[Description of the task]
Exact copy, no pictures: return all the data below as written.

[Recorded data]
..............................

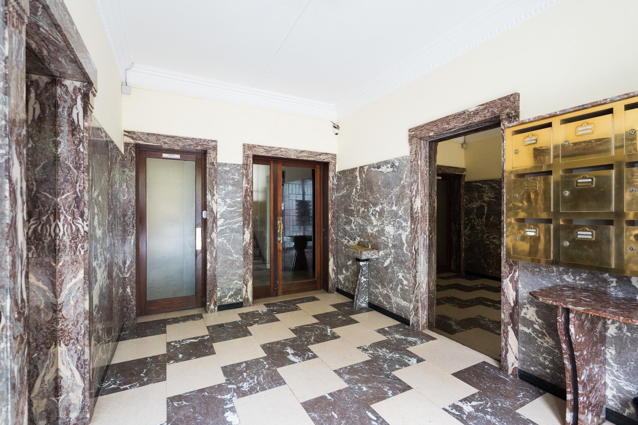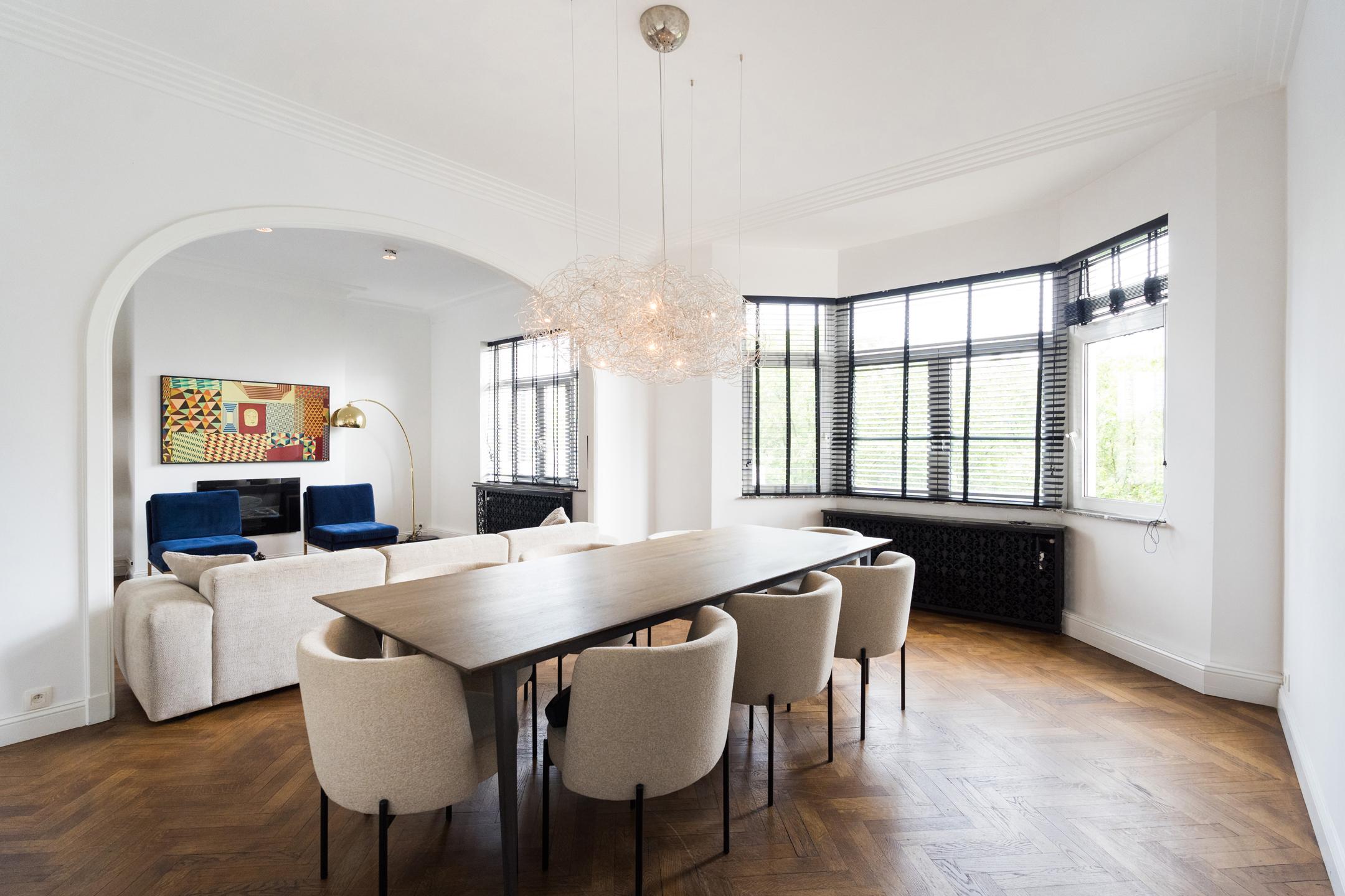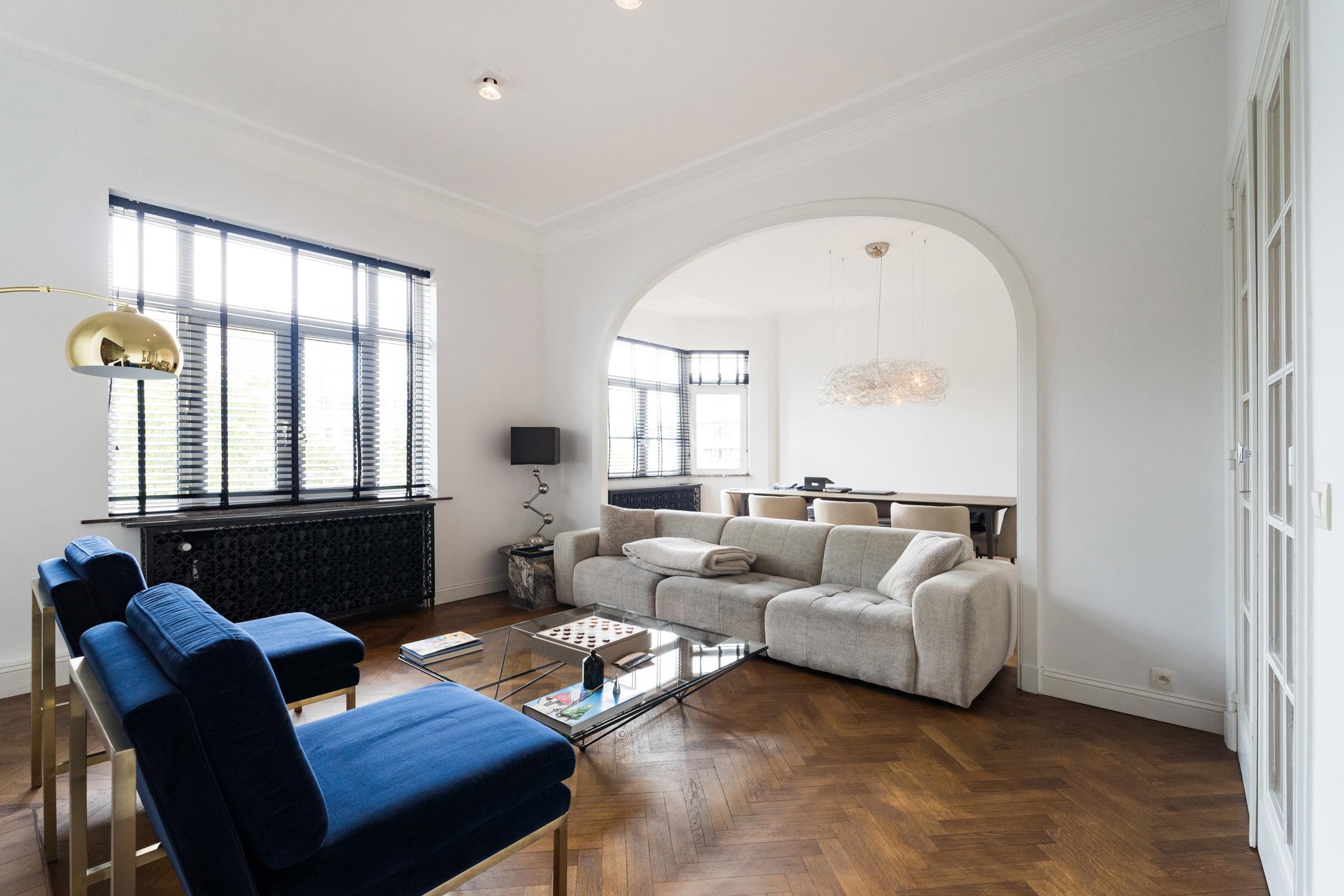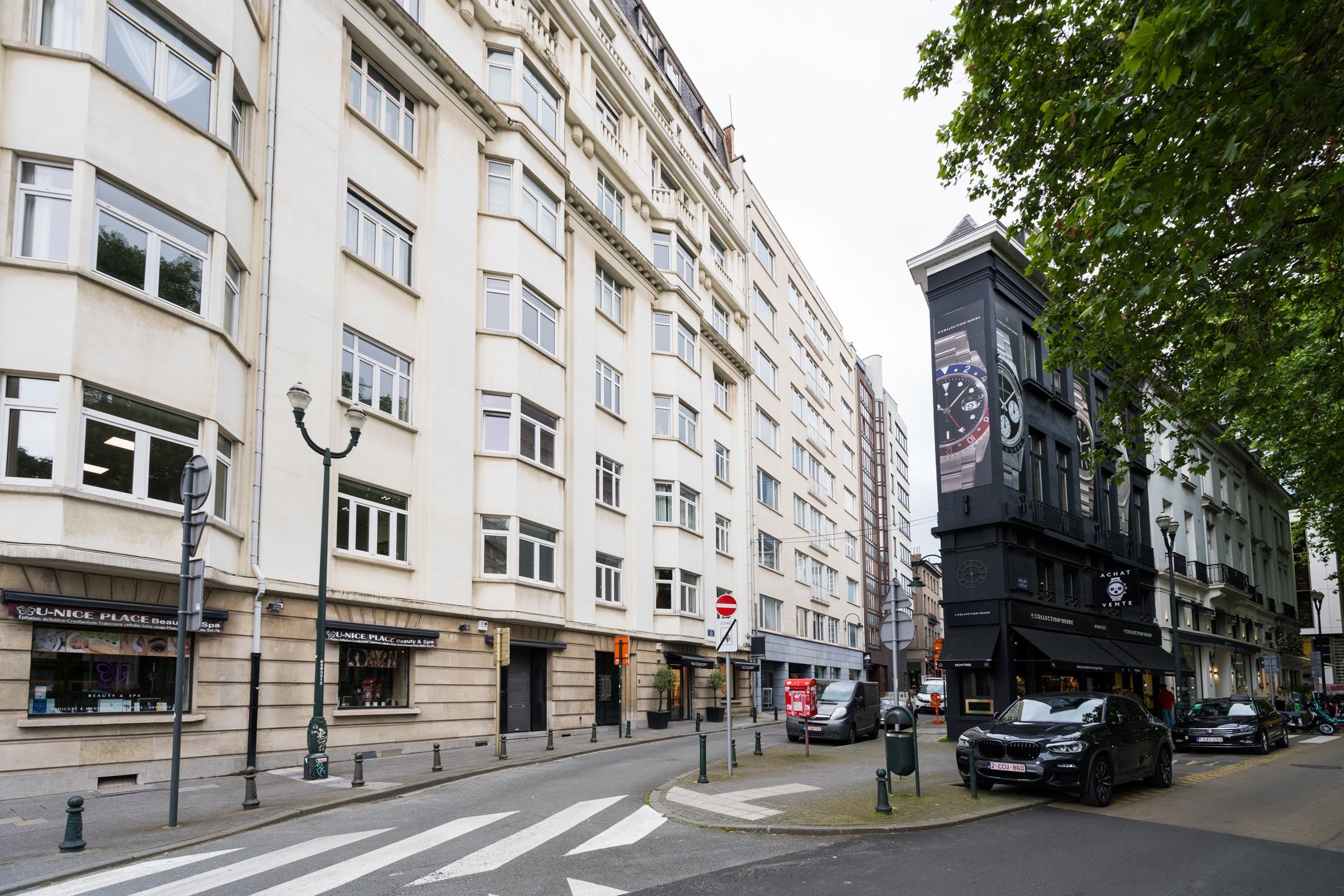 BRUXELLES-Ville, quartier Louise, superbe APPARTEMENT (2Ch/1Sdb) de ±108 m² au 5ème étage d’un magnifique immeuble Art Déco de standing de 1936. L'appartement se compose comme suit : hall d’entrée avec placard de vestiaire et WC invités, lumineuses réceptions de ±55 m² comprenant le salon et la salle à manger et offrant une vue en perspective sans vis-à-vis, cuisine séparé super-équipée avec accès au balcon, hall de nuit avec placards de rangement desservant deux chambres de ±20 m² dont une avec dressing, salle de bains (lavabo, baignoire, douche, WC). Une chambre de bonne et une cave complètent le bien. Châssis PVC double-vitrage. Porte blindée. Vidéophone. Chaudière collective au mazout. PEB G. A visiter sans tarder avec L&P!
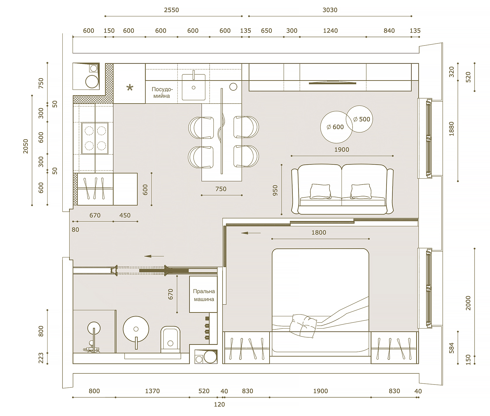 Для ванної кімнати ми розробили індивідуальне дзеркало з 3D ефектом і підсвічуванням.
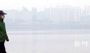 27일 오후 한 시민이 서울 원효대교 남단 한강시민공원을 걷고 있다. 황사와 미세먼지가 심해 한강 북쪽이 잘 보이지 않는다. 이날 전국의 미세먼지 농도는 한때 ‘나쁨’ 수준까지 치솟았다. 미세먼지는 28일 오후부터 보통 수준으로 회복되겠지만 아침 최저기온은 영하 6도에서 영상 6도로 전날보다 떨어지면서 다시 추워지겠다. 김재명 기자 base@donga.com}
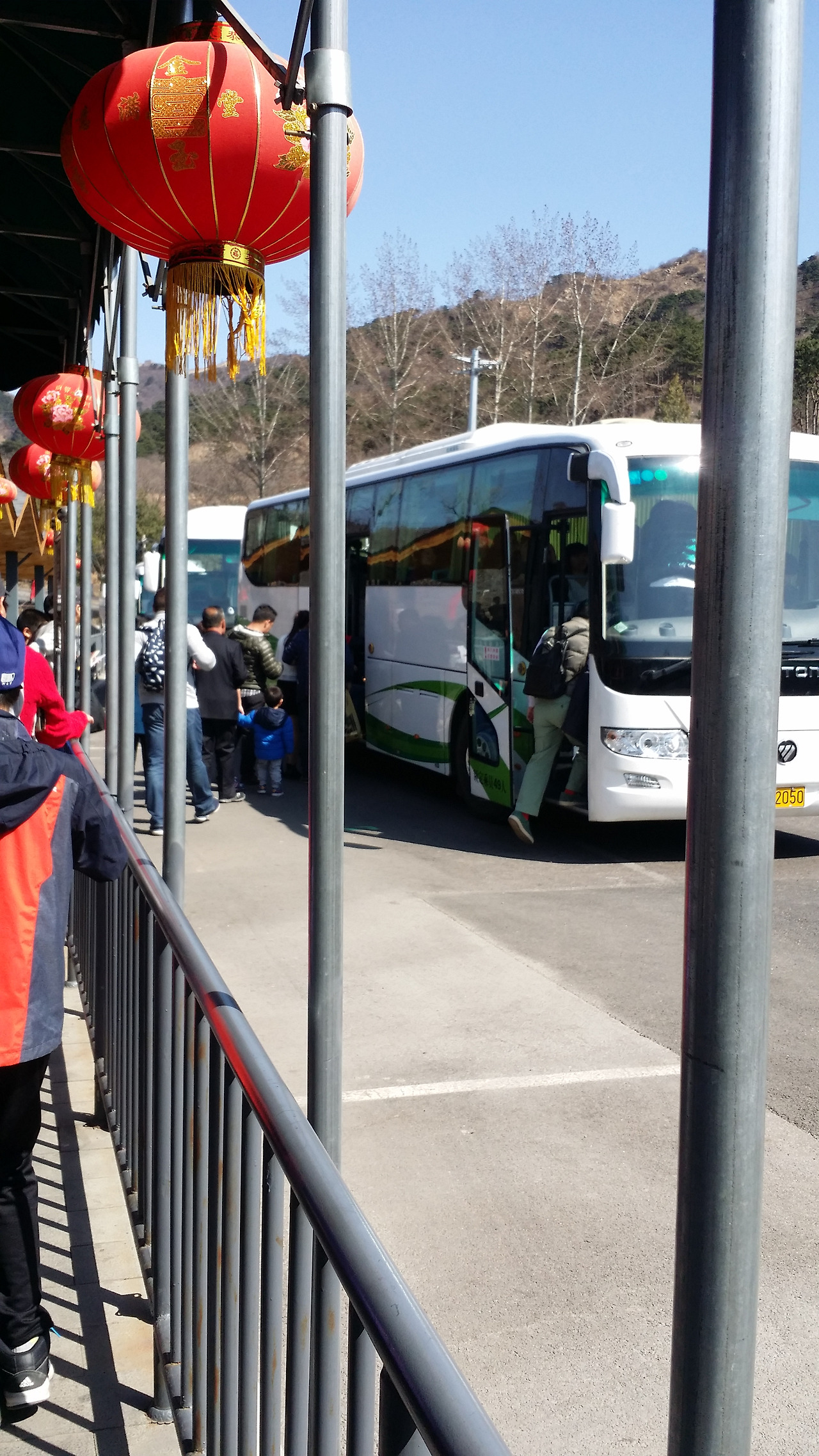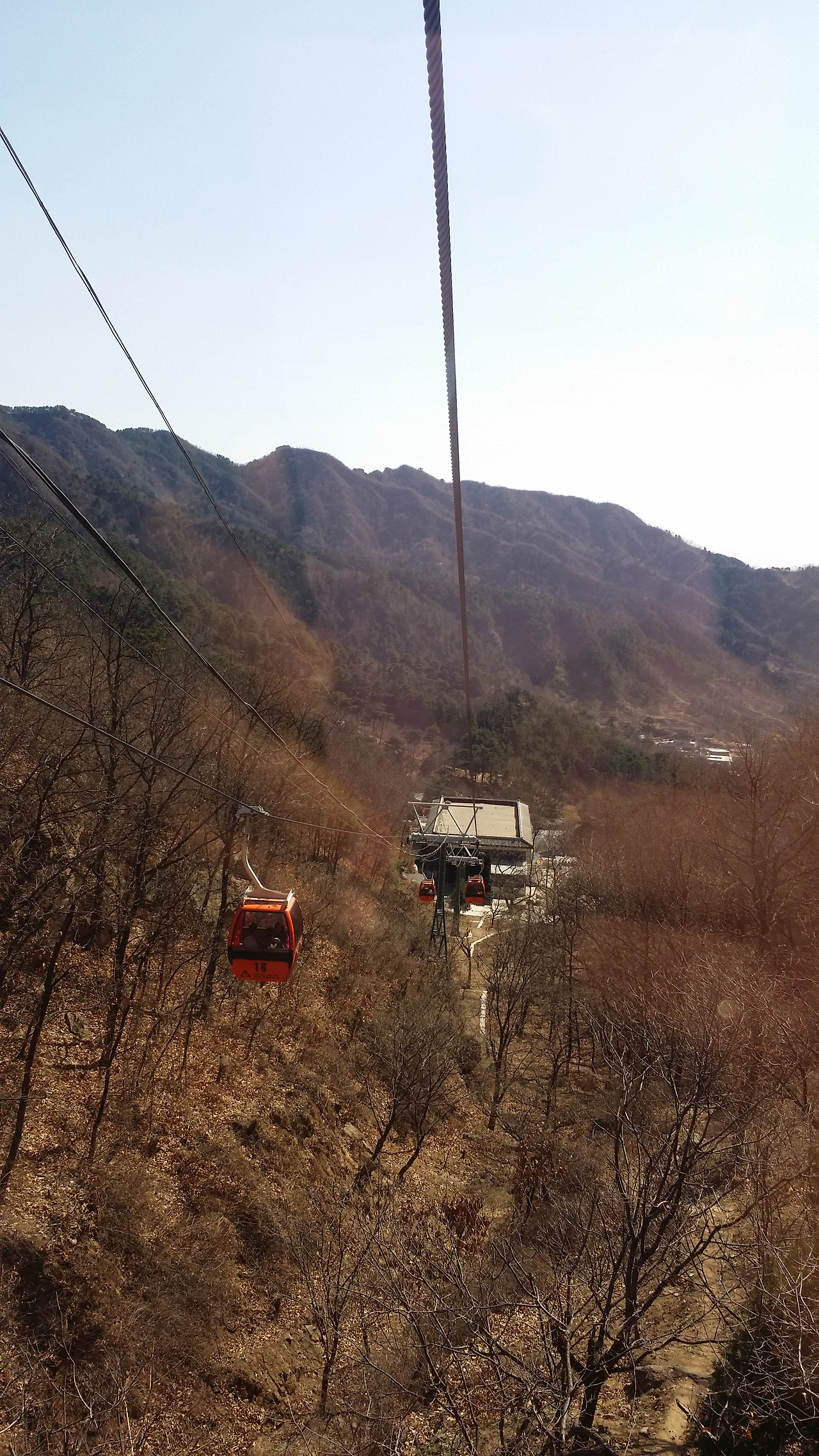 셔틀버스를 타고 케이블 카 타는 곳까지 이동을 해야 한다. 원래는 모든 차들이 케이블카 타는 곳까지 올라갈 수 있었으나 새롭게 단장을 하면서 셔틀버스를 이용하게 했단다. 그 이유는 고용을 창출하기 위해서. 중국은 아직도 많은 사람들을 고용하기 위해서라면 조금 복잡하고 비효율적인 방법이라도 고수하고 있다. 대표적인 예가 버스 안내원이다. 처음엔 버스 안내원을 보면 하는 일도 없이 앉아 있기만 하네 싶었다. 그런데 한 달 정도 지난 지금 보면 안내원은 참 많은 일을 한다. 할아버지, 할머니 표도 확인하고, 돈을 내면 거스름돈도 챙겨주고, 정류장에서 수신호로 버스 정차를 알려주고, 문 닫는 시점을 알려주고, 아이들과 노인들이 위험하지 않게 자리에 앉았는지 확인하고. 심지어 어떤 안내원은 앉을 자리까지 정해주는 사람도 봤다.^^ 그래서 이제 버스 안내원을 보면 참 마음이 따뜻해지는 느낌이랄까? 그런 이유에서 마련된 셔틀버스를 타고 케이블카 타는 곳으로 이동해서 케이블카를 타고 올라가자 장성의 모습이 눈에 들어오기 시작했다. 말로만 듣던 만리장성을 직접 눈으로는 처음 보는 두 딸들은 연신 감탄을 하며 장성의 모습을 확인하기 바빴다.

..............................

[Expected answer]
 BRUXELLES-Ville, quartier Louise, superbe APPARTEMENT (2Ch/1Sdb) de ±108 m² au 5ème étage d’un magnifique immeuble Art Déco de standing de 1936. L'appartement se compose comme suit : hall d’entrée avec placard de vestiaire et WC invités, lumineuses réceptions de ±55 m² comprenant le salon et la salle à manger et offrant une vue en perspective sans vis-à-vis, cuisine séparé super-équipée avec accès au balcon, hall de nuit avec placards de rangement desservant deux chambres de ±20 m² dont une avec dressing, salle de bains (lavabo, baignoire, douche, WC). Une chambre de bonne et une cave complètent le bien. Châssis PVC double-vitrage. Porte blindée. Vidéophone. Chaudière collective au mazout. PEB G. A visiter sans tarder avec L&P!
 Для ванної кімнати ми розробили індивідуальне дзеркало з 3D ефектом і підсвічуванням.
 27일 오후 한 시민이 서울 원효대교 남단 한강시민공원을 걷고 있다. 황사와 미세먼지가 심해 한강 북쪽이 잘 보이지 않는다. 이날 전국의 미세먼지 농도는 한때 ‘나쁨’ 수준까지 치솟았다. 미세먼지는 28일 오후부터 보통 수준으로 회복되겠지만 아침 최저기온은 영하 6도에서 영상 6도로 전날보다 떨어지면서 다시 추워지겠다. 김재명 기자 base@donga.com}
 셔틀버스를 타고 케이블 카 타는 곳까지 이동을 해야 한다. 원래는 모든 차들이 케이블카 타는 곳까지 올라갈 수 있었으나 새롭게 단장을 하면서 셔틀버스를 이용하게 했단다. 그 이유는 고용을 창출하기 위해서. 중국은 아직도 많은 사람들을 고용하기 위해서라면 조금 복잡하고 비효율적인 방법이라도 고수하고 있다. 대표적인 예가 버스 안내원이다. 처음엔 버스 안내원을 보면 하는 일도 없이 앉아 있기만 하네 싶었다. 그런데 한 달 정도 지난 지금 보면 안내원은 참 많은 일을 한다. 할아버지, 할머니 표도 확인하고, 돈을 내면 거스름돈도 챙겨주고, 정류장에서 수신호로 버스 정차를 알려주고, 문 닫는 시점을 알려주고, 아이들과 노인들이 위험하지 않게 자리에 앉았는지 확인하고. 심지어 어떤 안내원은 앉을 자리까지 정해주는 사람도 봤다.^^ 그래서 이제 버스 안내원을 보면 참 마음이 따뜻해지는 느낌이랄까? 그런 이유에서 마련된 셔틀버스를 타고 케이블카 타는 곳으로 이동해서 케이블카를 타고 올라가자 장성의 모습이 눈에 들어오기 시작했다. 말로만 듣던 만리장성을 직접 눈으로는 처음 보는 두 딸들은 연신 감탄을 하며 장성의 모습을 확인하기 바빴다.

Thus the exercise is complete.